1 . Antagonists of CGRP receptor and pharmaceutically acceptable formulations thereof for the use in the prevention of chemotherapy-induced nausea and vomiting (CINV).

2. Antagonists of CGRP receptor and pharmaceutically acceptable formulations thereof for the use in the treatment of chemotherapy-induced nausea and vomiting (CINV).

3. Antagonists of CGRP receptor and pharmaceutically acceptable formulations thereof for the use to potentiate the effect of drugs used to prevent or treat chemotherapy-induced nausea and vomiting.

4. Antagonists of CGRP receptor and pharmaceutically acceptable formulations thereof for the use in the prevention and treatment of drug-induced nausea and vomiting.

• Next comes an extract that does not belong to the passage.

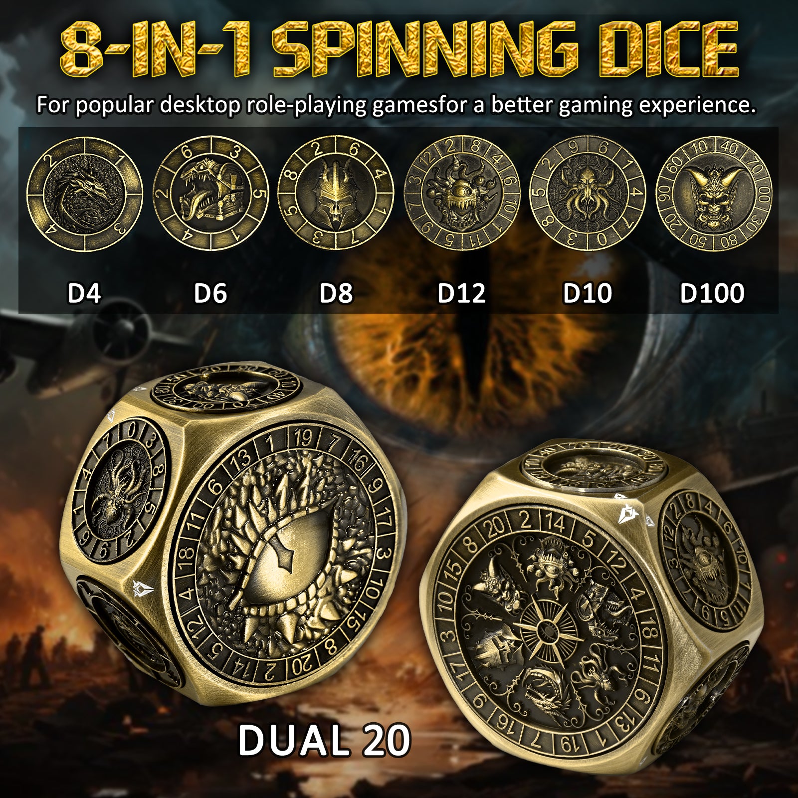 - 🦾 8-IN-1 Full Functionality With Dual D20: Upgrade your gameplay with this innovative 8-sided spinning dice. It replaces your entire dnd dice set, featuring dedicated faces for D4, D6, D8, D10, D12, D100, and a unique DUAL D20 for rolling advantage/disadvantage in D and D 5e. All functions are precision-engineered into a single, hefty metal dice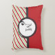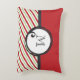 A pillow with the bottom half covered in a red green and white diagonal striped christmas pattern. Reminsicent of peppermint flavoued Christmas candy canes. The top half is a festive Christmas red. In the centre is a cute circle in a handdrawin style with a monogram in the centre.

5. Antagonists of CGRP receptor and pharmaceutically acceptable formulations thereof for the use in the prevention and treatment of nausea and vomiting in an individual with cancer.

6. Antagonists of CGRP receptor and pharmaceutically acceptable formulations thereof for the use in the prevention and treatment of nausea and vomiting caused by activation of vomiting centers.

7. Antagonist of CGRP receptor according to claims 1 -6 in case said antagonist is Rimegepant.

8. Antagonist of CGRP receptor according to claims 1 -6 in case said antagonist is Ubrogepant.

9. Antagonist of CGRP receptor according to claims 1 -6 in case said antagonist is Atogepant.

10. Antagonist of CGRP receptor according to claims 1-6 in case said antagonist is Zavegepant.

Description:
Patent application for industrial invention entitled

CGRP RECEPTOR ANTAGONISTS FOR TREATING CHEMOTHERAPY-INDUCED NAUSEA AND VOMITING (CINV)

Technical Field

The present invention refers to the field of drugs for the treatment of drug-induced nausea and vomiting

Background Art

It is well known that neoplastic patients often suffer from nausea and vomiting. The latter are very frequently associated with the use of chemicals adopted to counteract cancer growth in these patients. Among the different drugs, antineoplastic chemotherapeutics are those most frequently associated with nausea and vomiting, a condition typically defined “chemotherapy induced nausea and vomiting (CINV). CINV is of remarkable clinical relevance because on the one hand compromises the health status of the patient, and on the other limits dosing and causes treatment interruption.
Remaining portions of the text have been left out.